* _Exercise data_:
_ _ _ _ _
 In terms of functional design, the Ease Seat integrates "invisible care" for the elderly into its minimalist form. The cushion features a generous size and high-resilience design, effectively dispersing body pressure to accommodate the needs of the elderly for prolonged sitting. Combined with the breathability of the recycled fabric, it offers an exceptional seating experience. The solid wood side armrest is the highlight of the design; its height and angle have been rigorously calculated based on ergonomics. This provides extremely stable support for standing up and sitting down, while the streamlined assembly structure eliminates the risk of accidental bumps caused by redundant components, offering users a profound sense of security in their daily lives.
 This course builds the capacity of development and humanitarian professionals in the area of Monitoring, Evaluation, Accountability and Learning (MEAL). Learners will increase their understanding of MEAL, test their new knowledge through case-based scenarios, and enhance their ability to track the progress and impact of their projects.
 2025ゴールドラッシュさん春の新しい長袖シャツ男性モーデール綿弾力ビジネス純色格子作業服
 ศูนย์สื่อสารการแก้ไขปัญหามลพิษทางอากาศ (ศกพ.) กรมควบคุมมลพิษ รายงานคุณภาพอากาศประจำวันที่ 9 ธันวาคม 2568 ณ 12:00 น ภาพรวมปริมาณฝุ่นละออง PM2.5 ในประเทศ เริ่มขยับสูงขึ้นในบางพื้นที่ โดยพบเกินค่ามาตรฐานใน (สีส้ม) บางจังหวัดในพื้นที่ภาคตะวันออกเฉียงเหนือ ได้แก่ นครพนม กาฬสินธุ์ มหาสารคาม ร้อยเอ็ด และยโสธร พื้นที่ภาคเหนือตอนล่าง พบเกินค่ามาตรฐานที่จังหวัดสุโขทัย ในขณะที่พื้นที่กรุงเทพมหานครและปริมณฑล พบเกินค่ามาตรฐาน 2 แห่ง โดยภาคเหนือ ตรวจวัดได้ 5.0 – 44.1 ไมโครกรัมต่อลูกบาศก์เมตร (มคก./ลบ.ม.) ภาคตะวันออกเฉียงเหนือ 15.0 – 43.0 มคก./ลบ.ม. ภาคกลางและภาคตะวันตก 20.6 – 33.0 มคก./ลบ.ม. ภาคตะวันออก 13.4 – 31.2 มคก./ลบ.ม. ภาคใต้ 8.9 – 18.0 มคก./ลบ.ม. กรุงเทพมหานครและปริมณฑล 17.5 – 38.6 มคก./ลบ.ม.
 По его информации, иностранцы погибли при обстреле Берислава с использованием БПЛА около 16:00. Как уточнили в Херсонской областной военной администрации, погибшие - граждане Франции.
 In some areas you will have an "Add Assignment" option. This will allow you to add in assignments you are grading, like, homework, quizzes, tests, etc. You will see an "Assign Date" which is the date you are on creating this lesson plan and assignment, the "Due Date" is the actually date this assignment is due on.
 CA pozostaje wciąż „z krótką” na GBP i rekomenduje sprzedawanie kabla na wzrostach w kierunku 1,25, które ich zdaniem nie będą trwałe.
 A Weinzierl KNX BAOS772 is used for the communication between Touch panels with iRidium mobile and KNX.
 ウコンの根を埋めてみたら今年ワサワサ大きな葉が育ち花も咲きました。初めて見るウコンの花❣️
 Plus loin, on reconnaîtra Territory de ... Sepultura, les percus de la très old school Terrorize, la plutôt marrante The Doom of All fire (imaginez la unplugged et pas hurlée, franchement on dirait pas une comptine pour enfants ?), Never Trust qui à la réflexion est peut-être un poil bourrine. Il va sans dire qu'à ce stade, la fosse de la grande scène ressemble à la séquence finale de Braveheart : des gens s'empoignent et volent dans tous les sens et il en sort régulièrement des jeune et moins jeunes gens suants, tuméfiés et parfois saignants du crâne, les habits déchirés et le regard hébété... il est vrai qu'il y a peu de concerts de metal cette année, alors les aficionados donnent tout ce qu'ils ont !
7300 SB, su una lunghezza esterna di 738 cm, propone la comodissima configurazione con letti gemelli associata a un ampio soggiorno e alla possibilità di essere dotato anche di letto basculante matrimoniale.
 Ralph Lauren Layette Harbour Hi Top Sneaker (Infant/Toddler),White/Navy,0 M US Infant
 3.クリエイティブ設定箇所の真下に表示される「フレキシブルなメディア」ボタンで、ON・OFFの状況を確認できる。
_ _ _ _ _
* _About this exercise_:
All lines in the listing above from the line containing "This course builds" to the line containing "2025ゴールドラッシュさん", inclusive, should be retyped exactly; no other lines should appear.

* _Task result_:
 This course builds the capacity of development and humanitarian professionals in the area of Monitoring, Evaluation, Accountability and Learning (MEAL). Learners will increase their understanding of MEAL, test their new knowledge through case-based scenarios, and enhance their ability to track the progress and impact of their projects.
 2025ゴールドラッシュさん春の新しい長袖シャツ男性モーデール綿弾力ビジネス純色格子作業服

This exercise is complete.